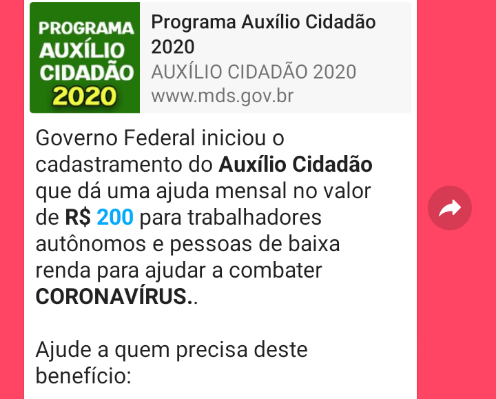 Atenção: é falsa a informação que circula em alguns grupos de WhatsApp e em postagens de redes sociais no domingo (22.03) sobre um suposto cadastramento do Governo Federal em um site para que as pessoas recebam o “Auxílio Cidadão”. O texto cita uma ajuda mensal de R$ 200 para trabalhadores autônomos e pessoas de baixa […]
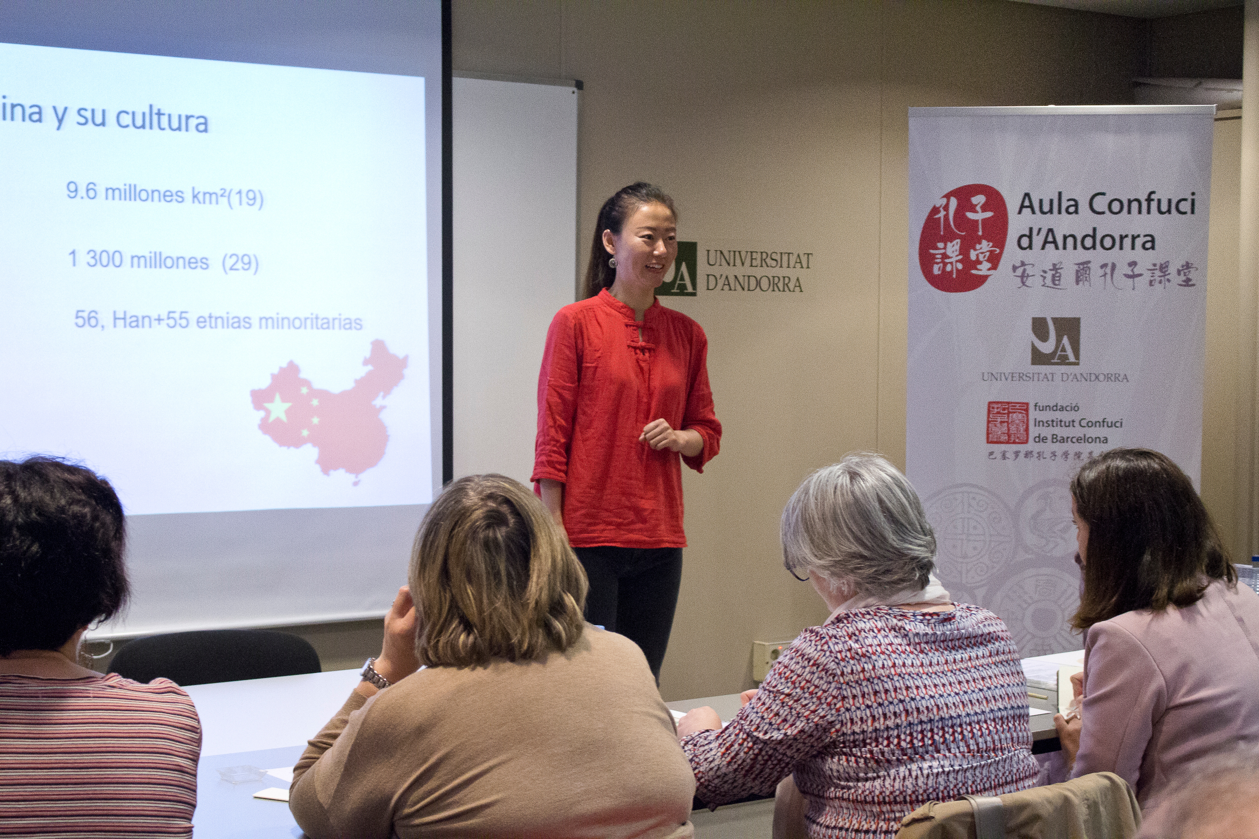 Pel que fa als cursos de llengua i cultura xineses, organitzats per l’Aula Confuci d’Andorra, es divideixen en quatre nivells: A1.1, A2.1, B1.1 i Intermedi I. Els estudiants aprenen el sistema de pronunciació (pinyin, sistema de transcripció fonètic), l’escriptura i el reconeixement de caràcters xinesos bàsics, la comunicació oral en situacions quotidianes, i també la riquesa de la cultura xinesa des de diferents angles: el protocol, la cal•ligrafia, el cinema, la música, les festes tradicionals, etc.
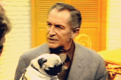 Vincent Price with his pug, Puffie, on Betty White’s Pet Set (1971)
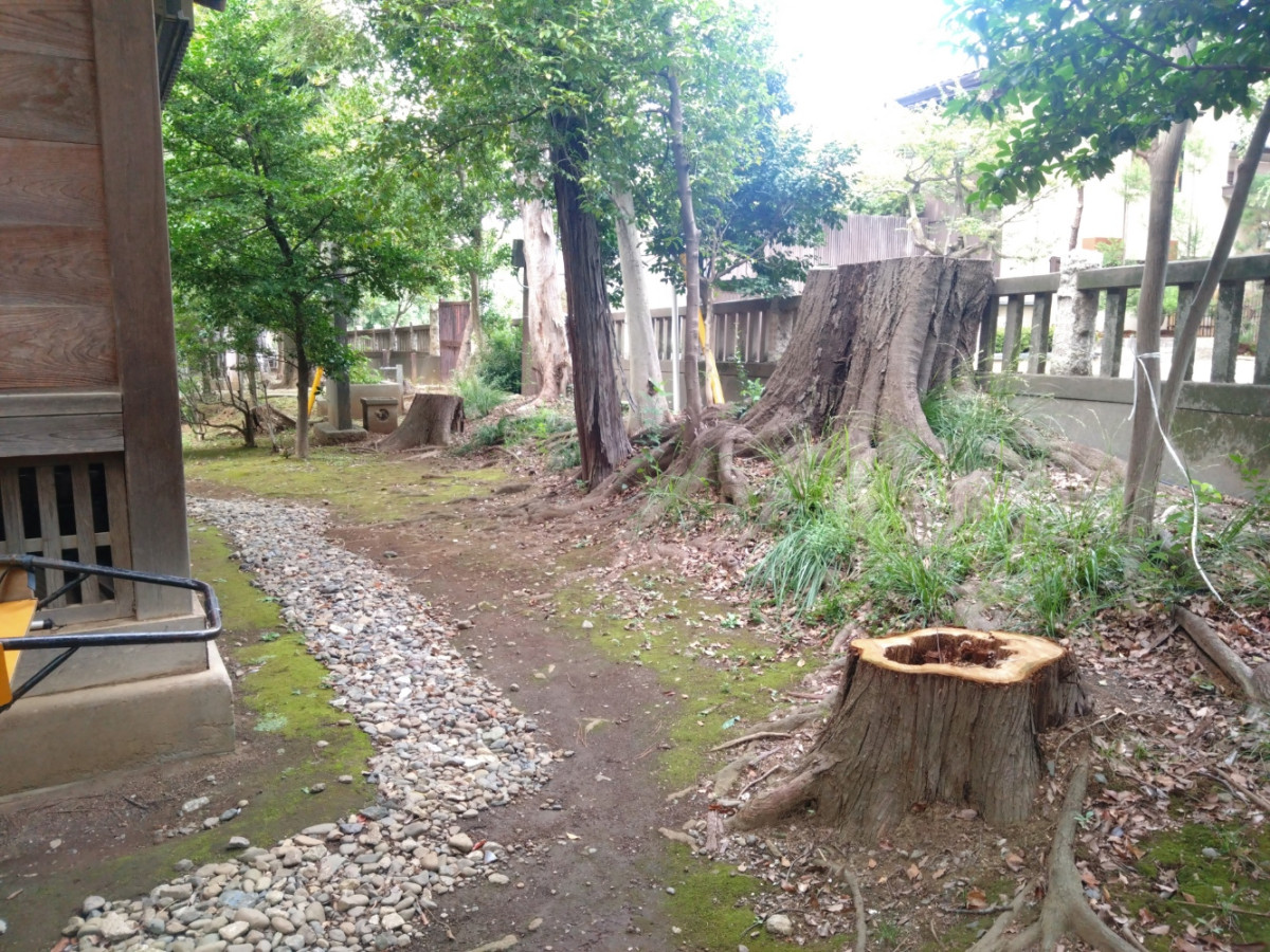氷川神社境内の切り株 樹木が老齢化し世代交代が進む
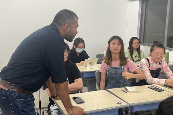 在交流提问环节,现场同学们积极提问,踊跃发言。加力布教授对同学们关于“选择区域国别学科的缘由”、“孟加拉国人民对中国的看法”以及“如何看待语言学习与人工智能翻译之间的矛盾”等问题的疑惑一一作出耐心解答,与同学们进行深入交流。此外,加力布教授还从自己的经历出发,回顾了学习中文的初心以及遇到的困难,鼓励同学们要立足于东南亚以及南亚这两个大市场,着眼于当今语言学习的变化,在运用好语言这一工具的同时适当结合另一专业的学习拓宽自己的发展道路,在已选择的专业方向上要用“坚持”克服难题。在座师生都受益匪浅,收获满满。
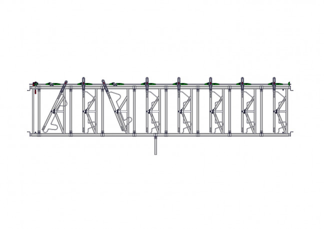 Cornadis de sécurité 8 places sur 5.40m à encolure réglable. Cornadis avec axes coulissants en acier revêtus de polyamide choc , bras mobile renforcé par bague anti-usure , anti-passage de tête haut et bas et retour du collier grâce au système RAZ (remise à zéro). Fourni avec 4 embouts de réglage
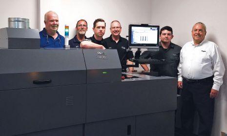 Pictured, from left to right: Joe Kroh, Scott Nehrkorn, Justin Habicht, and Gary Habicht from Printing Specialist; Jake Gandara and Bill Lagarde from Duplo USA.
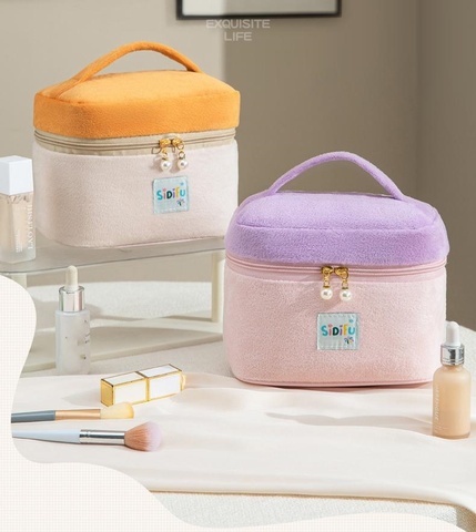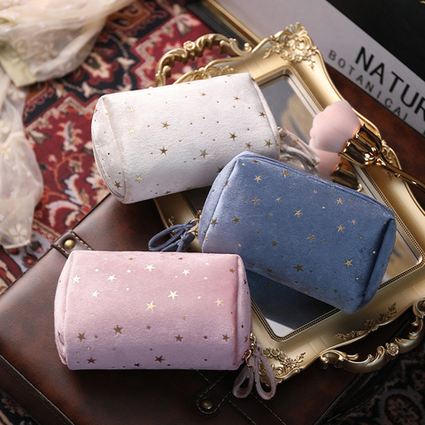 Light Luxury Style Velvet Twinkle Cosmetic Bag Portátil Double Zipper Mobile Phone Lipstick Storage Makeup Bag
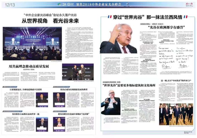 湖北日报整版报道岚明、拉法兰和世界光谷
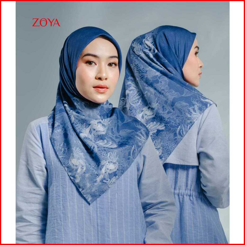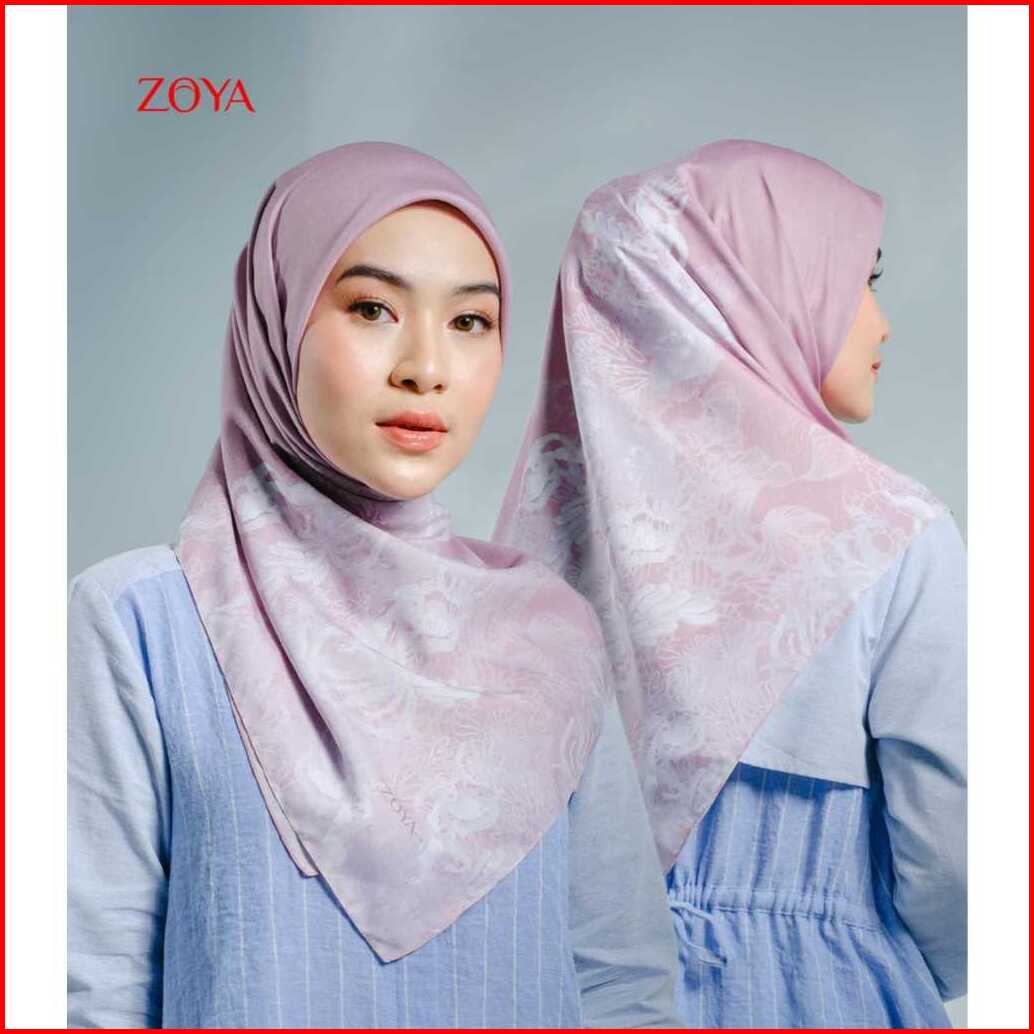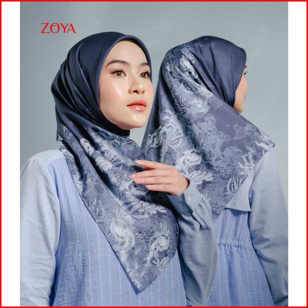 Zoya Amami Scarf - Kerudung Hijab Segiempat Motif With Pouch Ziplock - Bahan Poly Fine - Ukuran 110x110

## Assigned task:
Everything from the line containing "氷川神社境内の切り株 樹木が老齢化し世代交代が進む" through the end of the data should be printed exactly, line for line, except the pictures.

## Answer box:
氷川神社境内の切り株 樹木が老齢化し世代交代が進む
 在交流提问环节,现场同学们积极提问,踊跃发言。加力布教授对同学们关于“选择区域国别学科的缘由”、“孟加拉国人民对中国的看法”以及“如何看待语言学习与人工智能翻译之间的矛盾”等问题的疑惑一一作出耐心解答,与同学们进行深入交流。此外,加力布教授还从自己的经历出发,回顾了学习中文的初心以及遇到的困难,鼓励同学们要立足于东南亚以及南亚这两个大市场,着眼于当今语言学习的变化,在运用好语言这一工具的同时适当结合另一专业的学习拓宽自己的发展道路,在已选择的专业方向上要用“坚持”克服难题。在座师生都受益匪浅,收获满满。
 Cornadis de sécurité 8 places sur 5.40m à encolure réglable. Cornadis avec axes coulissants en acier revêtus de polyamide choc , bras mobile renforcé par bague anti-usure , anti-passage de tête haut et bas et retour du collier grâce au système RAZ (remise à zéro). Fourni avec 4 embouts de réglage
 Pictured, from left to right: Joe Kroh, Scott Nehrkorn, Justin Habicht, and Gary Habicht from Printing Specialist; Jake Gandara and Bill Lagarde from Duplo USA.
 Light Luxury Style Velvet Twinkle Cosmetic Bag Portátil Double Zipper Mobile Phone Lipstick Storage Makeup Bag
 湖北日报整版报道岚明、拉法兰和世界光谷
 Zoya Amami Scarf - Kerudung Hijab Segiempat Motif With Pouch Ziplock - Bahan Poly Fine - Ukuran 110x110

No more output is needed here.